DAYTON, Ohio — It’s a million-dollar project but one group is hoping a brand new outdoor roller skating rink will curb crime and help the community. 


What You Need To Know

  • Activists and Advocates with Black Lives Matter Dayton came up with an idea for an outdoor roller skating rink on the west side of the city
  • They said it's important to do the project in the area to give kids something to do 

  • The group already has plans from another city that did the same project 

It might just be land in an empty field on McCall Street on Dayton’s west side, but advocates are trying to turn it into something that hasn't been in this community in more than 60 years.

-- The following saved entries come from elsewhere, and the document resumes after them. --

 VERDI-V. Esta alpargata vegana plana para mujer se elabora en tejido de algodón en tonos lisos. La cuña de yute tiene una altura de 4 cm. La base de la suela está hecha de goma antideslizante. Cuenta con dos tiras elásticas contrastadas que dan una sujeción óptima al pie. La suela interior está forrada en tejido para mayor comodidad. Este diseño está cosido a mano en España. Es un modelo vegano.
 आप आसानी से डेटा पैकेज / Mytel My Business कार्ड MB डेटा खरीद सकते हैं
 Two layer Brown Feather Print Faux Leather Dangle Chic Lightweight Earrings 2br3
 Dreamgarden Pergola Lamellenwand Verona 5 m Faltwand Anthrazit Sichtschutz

About a block down the road from that empty land on McCall Street, Elizabeth Early-Gainous remembers when the grown-over trees, gates and roadblocks that are there now were something fun — something her family built. 

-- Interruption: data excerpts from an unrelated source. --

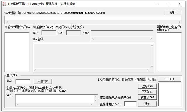 通卡行业常用的 TLV 数据解析工具,可以进行解析并提供 TAG 用途注释,在工具下方可以自行组织生成 TLV 数据
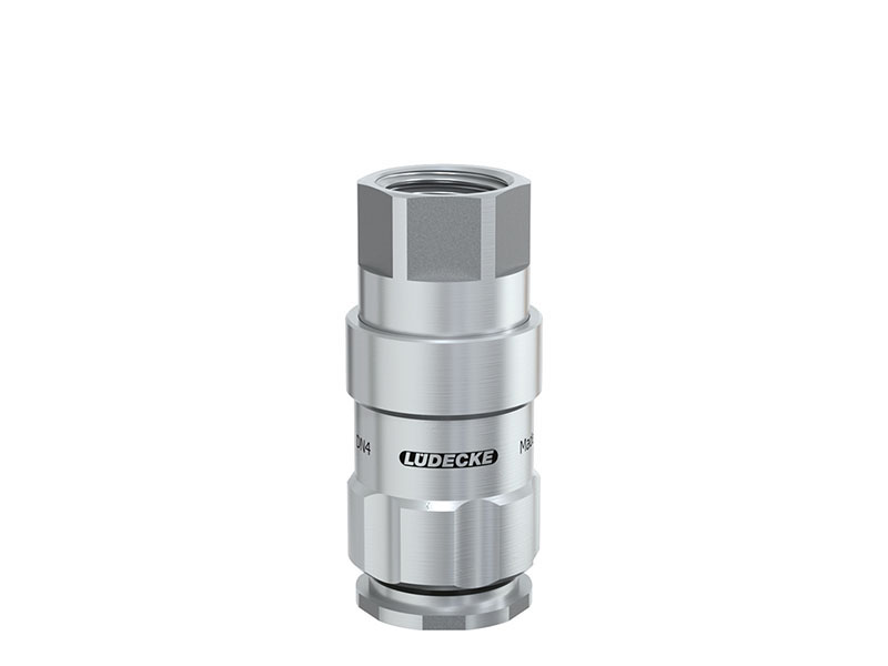 Gniazdo szybkozłączki z gwintem wewnętrznym, wykonane ze stali szlachetnej i uszczelnieniem z gumy fluorowej (FKM).
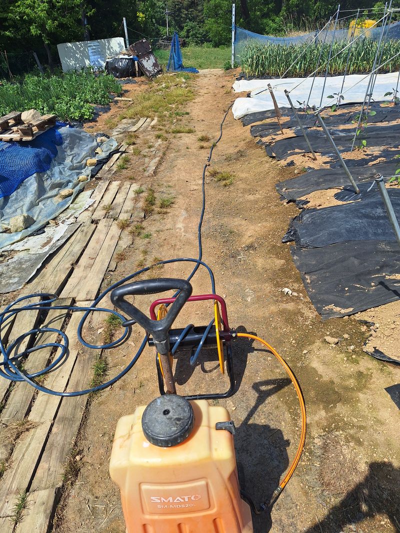 계량기 지주대 보강작업 및 삼일전기 업체 공시 다녀감 고추 및 밭에 유기농 영양제랑 살균제 뿌림
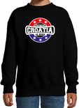 Have fear Croatia is here sweater voor Kroatie supporters zwart voor kids. Op deze zwarte sweater met sterren embleem staat de tekst: HAVE FEAR CROATIA IS HERE. Het embleem heeft de kleuren van de Kroatische vlag.
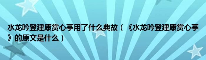 导读 大家好,田田为了大家解答以上水龙吟登建康赏心亭用了什么典故,《水龙吟登建康赏心亭》的原文是什么的问题,也是到网上收集了关与水龙吟登

"When I came up in the '50s, that’s what we started doing is roller skating out here,” said Early-Gainous. “My great grandfather cut those pipes down, filled those holes so my mother and her brothers and sisters could roller skate," she said. 

Her great grandfather built a makeshift outdoor roller skating rink. It was the only outdoor rink for kids in the area. 

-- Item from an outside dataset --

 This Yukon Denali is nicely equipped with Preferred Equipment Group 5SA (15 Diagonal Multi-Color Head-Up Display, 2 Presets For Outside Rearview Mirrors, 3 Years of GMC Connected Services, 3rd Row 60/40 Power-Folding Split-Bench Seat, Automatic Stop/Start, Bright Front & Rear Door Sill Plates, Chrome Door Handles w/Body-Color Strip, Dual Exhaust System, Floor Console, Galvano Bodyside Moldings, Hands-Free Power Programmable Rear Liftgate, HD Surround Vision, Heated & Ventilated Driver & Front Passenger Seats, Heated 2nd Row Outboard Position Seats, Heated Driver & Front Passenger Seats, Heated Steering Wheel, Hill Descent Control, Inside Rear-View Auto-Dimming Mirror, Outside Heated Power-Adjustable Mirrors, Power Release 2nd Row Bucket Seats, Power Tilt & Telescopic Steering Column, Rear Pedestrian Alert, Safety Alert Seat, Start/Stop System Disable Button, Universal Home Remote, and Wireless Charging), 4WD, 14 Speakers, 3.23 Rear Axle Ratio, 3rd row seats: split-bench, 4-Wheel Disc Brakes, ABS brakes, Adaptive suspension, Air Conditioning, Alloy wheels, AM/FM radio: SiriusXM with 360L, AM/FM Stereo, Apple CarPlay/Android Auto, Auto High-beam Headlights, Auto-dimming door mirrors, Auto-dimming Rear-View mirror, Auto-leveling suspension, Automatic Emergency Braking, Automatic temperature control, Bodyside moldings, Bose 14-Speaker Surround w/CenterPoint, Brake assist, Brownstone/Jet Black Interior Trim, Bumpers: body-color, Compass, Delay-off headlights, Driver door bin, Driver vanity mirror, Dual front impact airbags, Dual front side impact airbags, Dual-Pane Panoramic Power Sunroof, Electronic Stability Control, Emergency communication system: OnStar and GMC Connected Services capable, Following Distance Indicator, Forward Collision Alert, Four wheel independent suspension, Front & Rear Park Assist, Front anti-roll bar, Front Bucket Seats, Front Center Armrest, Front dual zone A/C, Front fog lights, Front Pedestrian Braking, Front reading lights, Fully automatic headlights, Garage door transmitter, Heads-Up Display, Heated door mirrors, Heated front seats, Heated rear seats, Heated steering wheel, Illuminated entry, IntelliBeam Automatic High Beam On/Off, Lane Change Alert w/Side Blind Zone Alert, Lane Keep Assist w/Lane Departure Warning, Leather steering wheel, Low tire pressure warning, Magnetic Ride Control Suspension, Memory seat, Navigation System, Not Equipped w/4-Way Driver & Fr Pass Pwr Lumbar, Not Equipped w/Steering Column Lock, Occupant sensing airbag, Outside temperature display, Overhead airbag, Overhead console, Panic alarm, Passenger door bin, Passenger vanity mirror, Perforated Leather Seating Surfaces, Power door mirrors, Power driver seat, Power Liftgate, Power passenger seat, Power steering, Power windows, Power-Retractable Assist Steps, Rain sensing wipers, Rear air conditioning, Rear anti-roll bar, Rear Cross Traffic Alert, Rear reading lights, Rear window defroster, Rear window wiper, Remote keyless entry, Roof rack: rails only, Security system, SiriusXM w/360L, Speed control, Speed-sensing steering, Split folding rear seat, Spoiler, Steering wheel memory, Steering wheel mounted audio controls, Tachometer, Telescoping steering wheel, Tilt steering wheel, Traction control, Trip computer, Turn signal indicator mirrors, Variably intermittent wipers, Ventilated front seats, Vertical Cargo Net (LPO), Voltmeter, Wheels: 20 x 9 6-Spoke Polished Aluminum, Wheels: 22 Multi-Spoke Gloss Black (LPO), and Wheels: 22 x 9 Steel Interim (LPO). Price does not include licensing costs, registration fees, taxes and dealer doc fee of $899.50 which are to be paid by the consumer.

She said there’s been nothing like it since, but now she’s part of an effort to change that. 

“Our children are starving for attention. They need to feel important and not left out,” said Early-Gainous. 

She teamed up with her nephew, Carlos Buford, an advocate with Dayton’s Black Lives Matter group, and they came up with a plan. 

“Right now, we’re just trying to find a place where we can of course have it here. It’s flat. It’s transparent. This is where we could say our kids can be safe," said Buford. 

He said this is just the first step but he said it's an important one for the Black community. 

“At the end of the day, this is a predominately Black neighborhood, and we want to make sure that resources and redevelopment is brought over here as well,” said Buford. 

Once they get the right city permits and paperwork, he estimates they’ll need to raise more than a million dollars to turn the land into a community center and outdoor roller skating rink, and bring back what was lost.

“We’ve sort of been forgotten about, so it is important that we try to bring something to stabilize our community," said Early-Gainous. 

Even though they’re still in the beginning phases, advocates are hoping to have everything done on this project within the next year.